Text tokenization & multiwords

Multiwords are combinations of words that are always grouped together if they appear in a specific order. These words are defined as terms in the categories of a model (see the term definition section) and affect the tokenization of any text that's going to be classified with it.

Here in the multiwords view you can get an overview of all the multiwords defined in the model.

Multiwords list

The main table shows the information about all the multiwords defined in the category view. You can browse them by name, as entered by the user, and directly go to the category where each one is defined as a rule for categorization. The table allows to order the multiwords alphabetically by each column in it; it also provides a dynamic text filter.

Text tokenization

Text tokenization is the process in which the training texts, if they exist, and the texts that are going to be processed are split into the units that will be considered for the classification.

Once the tokenization is done, the system carries out a basic filtering and uses two user-defined elements: stopwords and the multiwords defined in the lists of terms.

First of all, the basic filtering will remove different types of characters in order to standardize the texts you are working on:

  1. Opening and closing characters (simple and double quotation marks, question and exclamation marks...) and periods (a dot followed by a blank space) will be removed.
    • Example: It is "beautiful"! => It is beautiful
  2. Any other non-alphanumeric character except for '.' and '_' will be replaced with a blank space.
    • Example: Marks&Spencer => Marks Spencer
  3. Every character will be changed to lowercase and accent marks will be removed (except for 'ñ', which remains the same).
    • Example: Está en Español => esta en español
  4. Every suffix and prefix separated with an apostrophe will be removed.
    • Example: We're fine => we fine

After this filtering, user-defined multiwords from the lists of terms in the categories will be grouped.
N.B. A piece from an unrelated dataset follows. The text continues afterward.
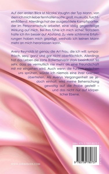 Avery Reynolds ist Ballettlehrerin, die bei ihren Schülern und Kollegen total beliebt ist. Neben ihrem freundlichen Lächeln greifen immer wieder die dunklen Schatten der Vergangenheit nach ihr und es wird rasch klar, das Averys Ängste nicht unbegründet sind. Elisa, ihre gute Freundin, die im 1. Teil ihre Geschichte erhielt, sorgt dafür, dass sich Nicolai Vaughn um Avery kümmert. Der ehemalige Soldat und ausgebildete Personenschützer, nimmt zu gerne diese Aufgabe an, denn seit er die Balletttänzerin kennengelernt hat, hat sie ihn tief berührt.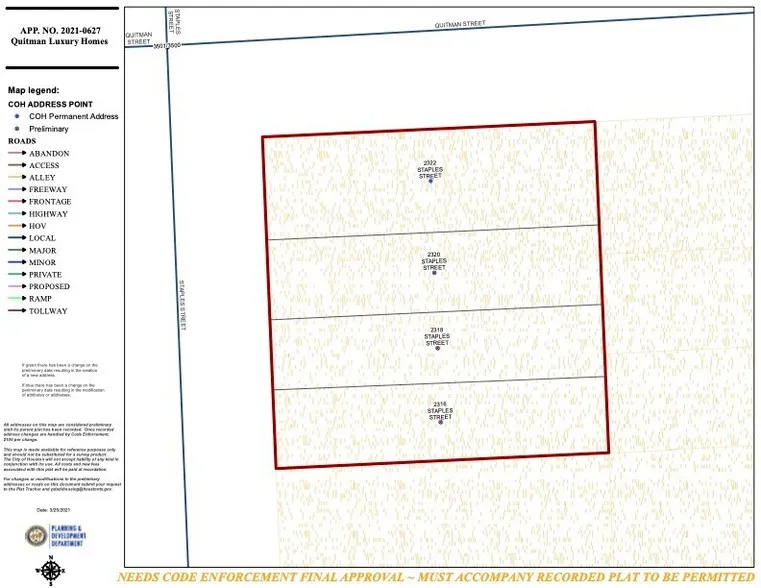 4 re-platted lots ready for new construction home project - total 10,000sq. ft. 2320 Staples St is part the four separate lots, each with 2,250 sq. ft. of ground space. The property is situated in a prime location with new construction in the area, and the adjacent lots are:2316 Staples St2318 Staples St2322 Staples StEach lot is approved by the city with plans and ready to dig.

The fact that this grouping is made right after the filtering tells us that for the system to work correctly, there are certain limits in the characters allowed in the multiwords definition.
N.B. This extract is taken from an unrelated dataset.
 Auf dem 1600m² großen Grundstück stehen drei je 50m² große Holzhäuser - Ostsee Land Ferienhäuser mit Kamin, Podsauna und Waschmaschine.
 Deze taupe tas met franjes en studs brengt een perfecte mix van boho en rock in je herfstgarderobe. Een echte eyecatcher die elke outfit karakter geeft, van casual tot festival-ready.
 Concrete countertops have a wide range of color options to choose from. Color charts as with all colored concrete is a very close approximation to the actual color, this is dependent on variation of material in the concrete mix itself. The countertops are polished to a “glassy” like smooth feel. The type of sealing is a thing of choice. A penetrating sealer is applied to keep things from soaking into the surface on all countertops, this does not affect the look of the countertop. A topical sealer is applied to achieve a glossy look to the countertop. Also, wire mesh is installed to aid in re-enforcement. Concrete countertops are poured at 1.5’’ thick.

It's important to remark that this grouping is made following the usual reading direction for European languages, horizontally and from left to right.
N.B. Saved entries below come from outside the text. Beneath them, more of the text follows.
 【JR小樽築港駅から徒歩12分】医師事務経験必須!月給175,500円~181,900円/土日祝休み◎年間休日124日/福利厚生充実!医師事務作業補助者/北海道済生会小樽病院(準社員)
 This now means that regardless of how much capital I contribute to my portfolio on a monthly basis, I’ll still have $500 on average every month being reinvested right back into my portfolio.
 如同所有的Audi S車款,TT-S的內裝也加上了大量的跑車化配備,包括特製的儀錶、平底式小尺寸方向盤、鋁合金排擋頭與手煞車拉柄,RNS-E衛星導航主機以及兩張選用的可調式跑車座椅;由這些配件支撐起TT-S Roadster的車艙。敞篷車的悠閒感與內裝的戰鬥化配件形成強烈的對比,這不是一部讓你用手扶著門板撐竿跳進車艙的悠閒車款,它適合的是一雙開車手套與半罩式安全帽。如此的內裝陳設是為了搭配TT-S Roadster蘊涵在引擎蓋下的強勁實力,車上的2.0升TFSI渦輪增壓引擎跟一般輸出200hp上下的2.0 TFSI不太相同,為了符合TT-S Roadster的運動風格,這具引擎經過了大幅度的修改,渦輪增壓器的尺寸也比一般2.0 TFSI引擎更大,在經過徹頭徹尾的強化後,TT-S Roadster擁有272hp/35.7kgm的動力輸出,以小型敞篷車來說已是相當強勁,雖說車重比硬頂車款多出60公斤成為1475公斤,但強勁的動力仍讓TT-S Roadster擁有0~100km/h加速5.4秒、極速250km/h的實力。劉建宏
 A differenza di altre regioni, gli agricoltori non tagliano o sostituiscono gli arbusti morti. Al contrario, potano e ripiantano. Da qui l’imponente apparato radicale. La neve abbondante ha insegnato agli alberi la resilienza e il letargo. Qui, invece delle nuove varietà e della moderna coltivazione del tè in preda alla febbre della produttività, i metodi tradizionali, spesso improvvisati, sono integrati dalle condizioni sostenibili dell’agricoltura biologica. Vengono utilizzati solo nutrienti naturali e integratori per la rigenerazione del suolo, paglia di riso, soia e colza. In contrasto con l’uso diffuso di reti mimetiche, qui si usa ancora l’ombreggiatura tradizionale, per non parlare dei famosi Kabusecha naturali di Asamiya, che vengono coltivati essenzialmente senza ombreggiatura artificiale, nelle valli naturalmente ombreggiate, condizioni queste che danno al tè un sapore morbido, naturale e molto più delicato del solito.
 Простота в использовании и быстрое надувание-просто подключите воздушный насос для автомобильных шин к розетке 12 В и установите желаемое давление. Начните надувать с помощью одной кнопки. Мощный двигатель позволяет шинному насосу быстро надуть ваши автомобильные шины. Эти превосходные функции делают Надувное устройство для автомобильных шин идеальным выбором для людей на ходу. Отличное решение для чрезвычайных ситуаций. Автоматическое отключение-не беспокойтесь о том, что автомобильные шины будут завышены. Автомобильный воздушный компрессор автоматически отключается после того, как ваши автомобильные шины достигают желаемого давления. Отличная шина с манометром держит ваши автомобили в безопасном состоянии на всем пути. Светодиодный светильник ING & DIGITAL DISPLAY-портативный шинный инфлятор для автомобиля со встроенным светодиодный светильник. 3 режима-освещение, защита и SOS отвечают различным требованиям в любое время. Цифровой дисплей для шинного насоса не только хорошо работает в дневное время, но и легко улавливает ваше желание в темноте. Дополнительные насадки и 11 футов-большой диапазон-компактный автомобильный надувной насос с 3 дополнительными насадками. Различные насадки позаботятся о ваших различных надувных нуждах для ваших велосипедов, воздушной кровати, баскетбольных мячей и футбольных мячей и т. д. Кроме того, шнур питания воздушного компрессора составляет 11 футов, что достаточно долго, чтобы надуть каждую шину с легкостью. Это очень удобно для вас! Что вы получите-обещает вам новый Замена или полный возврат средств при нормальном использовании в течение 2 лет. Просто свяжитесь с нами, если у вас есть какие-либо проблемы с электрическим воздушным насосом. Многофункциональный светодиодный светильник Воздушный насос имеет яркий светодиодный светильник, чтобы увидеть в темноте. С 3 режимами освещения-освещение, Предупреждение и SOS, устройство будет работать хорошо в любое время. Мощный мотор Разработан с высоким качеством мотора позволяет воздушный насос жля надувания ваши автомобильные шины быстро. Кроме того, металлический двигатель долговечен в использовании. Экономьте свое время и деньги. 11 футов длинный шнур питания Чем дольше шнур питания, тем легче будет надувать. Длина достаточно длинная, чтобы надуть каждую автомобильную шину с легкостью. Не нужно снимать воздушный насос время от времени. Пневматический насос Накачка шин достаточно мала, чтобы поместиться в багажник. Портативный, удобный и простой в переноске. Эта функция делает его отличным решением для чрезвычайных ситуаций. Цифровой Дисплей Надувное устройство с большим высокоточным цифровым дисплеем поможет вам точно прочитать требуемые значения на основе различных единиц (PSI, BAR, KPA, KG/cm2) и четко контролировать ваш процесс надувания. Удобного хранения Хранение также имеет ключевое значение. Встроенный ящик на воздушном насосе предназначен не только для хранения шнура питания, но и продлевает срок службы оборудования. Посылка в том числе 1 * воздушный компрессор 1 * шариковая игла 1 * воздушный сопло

Here you can see an example of the resulting text after grouping two multiwords:

Text Multiword grouped Result Resulting text
the blue house the+blue the blue house
the blue house blue+house the blue house
this blue house the+blue this blue house
this blue house blue+house this blue house
the blue house the+blue the blue house
the blue house the+blue+house the blue house

See that in the cases where two patterns could match, the one to appear first in the text will be the chosen one.

Important

When more than one grouping possibility exists, the system will choose the longest. In the text "the blue house", with "the+blue" and "the+blue+house" as the defined multiwords, the second one will be chosen.

After the grouping of multiwords, all the stopwords that remain ungrouped will be removed, as well as those words that contain numbers, dots, commas and blank spaces only (decimal numbers, dates, etc.).

In the following example, you will see how the tokenization of an input text would be done. We will consider that the stopwords list is the one provided by default for English, and that there are two multiwords defined in the model: "ping+pong" and "Rio 2016".

Tokenization example

The text resulting from this tokenization is the one upon which the statistical and rule-based classification will be performed, so it's important to ensure everything is consistent.